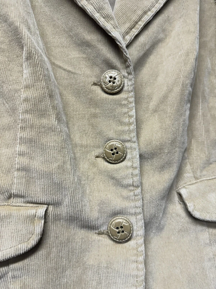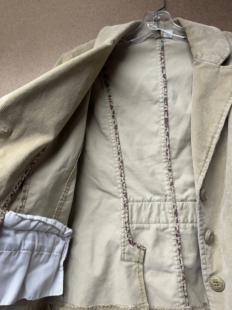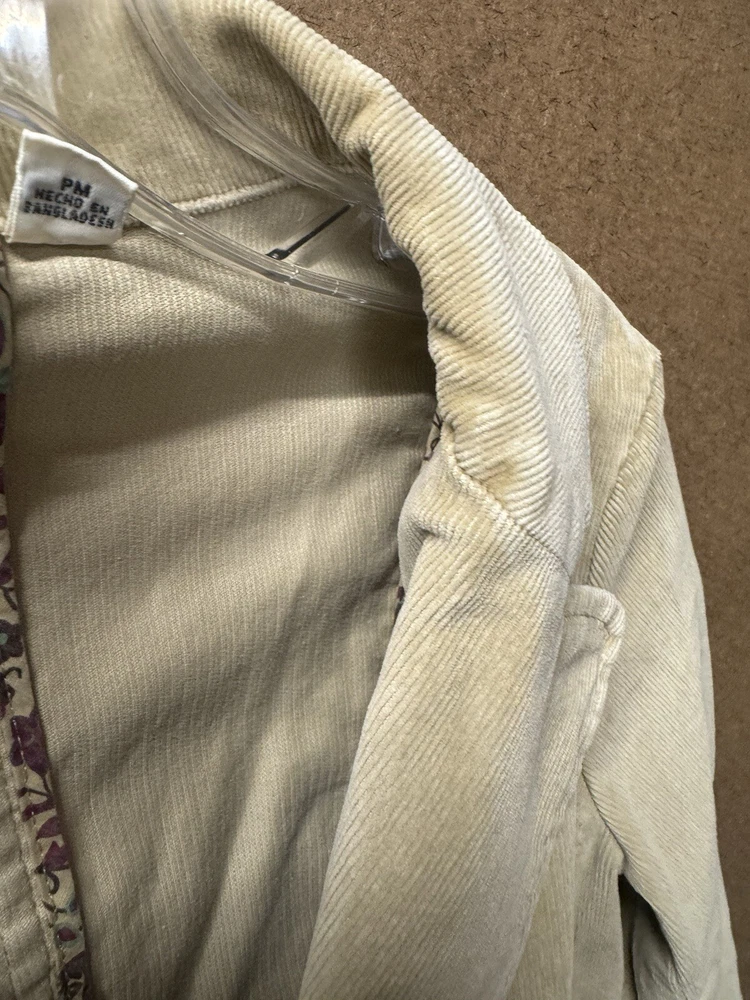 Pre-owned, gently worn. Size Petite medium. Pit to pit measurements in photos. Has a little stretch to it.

* * *

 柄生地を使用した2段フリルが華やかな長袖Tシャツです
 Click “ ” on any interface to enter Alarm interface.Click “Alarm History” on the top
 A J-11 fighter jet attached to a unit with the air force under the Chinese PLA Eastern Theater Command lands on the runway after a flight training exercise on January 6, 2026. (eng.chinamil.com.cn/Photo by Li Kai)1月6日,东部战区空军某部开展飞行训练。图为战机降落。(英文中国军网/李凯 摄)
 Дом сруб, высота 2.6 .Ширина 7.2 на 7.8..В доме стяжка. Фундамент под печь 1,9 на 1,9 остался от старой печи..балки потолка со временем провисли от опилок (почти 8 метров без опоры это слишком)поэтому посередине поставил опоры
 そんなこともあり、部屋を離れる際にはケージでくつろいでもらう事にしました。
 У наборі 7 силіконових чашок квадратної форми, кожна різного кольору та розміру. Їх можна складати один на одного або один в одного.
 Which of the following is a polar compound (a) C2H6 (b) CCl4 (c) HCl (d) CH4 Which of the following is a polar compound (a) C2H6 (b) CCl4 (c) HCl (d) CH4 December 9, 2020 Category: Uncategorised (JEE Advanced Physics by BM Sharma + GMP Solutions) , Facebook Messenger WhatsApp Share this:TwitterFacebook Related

■ **Problem statement**:
Everything above from the line containing "on any interface" down to the line containing "A J-11 fighter" is to be transcribed exactly, with both of those lines included and nothing else added.

■ **Response to this exercise**:
 Click “ ” on any interface to enter Alarm interface.Click “Alarm History” on the top
 A J-11 fighter jet attached to a unit with the air force under the Chinese PLA Eastern Theater Command lands on the runway after a flight training exercise on January 6, 2026. (eng.chinamil.com.cn/Photo by Li Kai)1月6日,东部战区空军某部开展飞行训练。图为战机降落。(英文中国军网/李凯 摄)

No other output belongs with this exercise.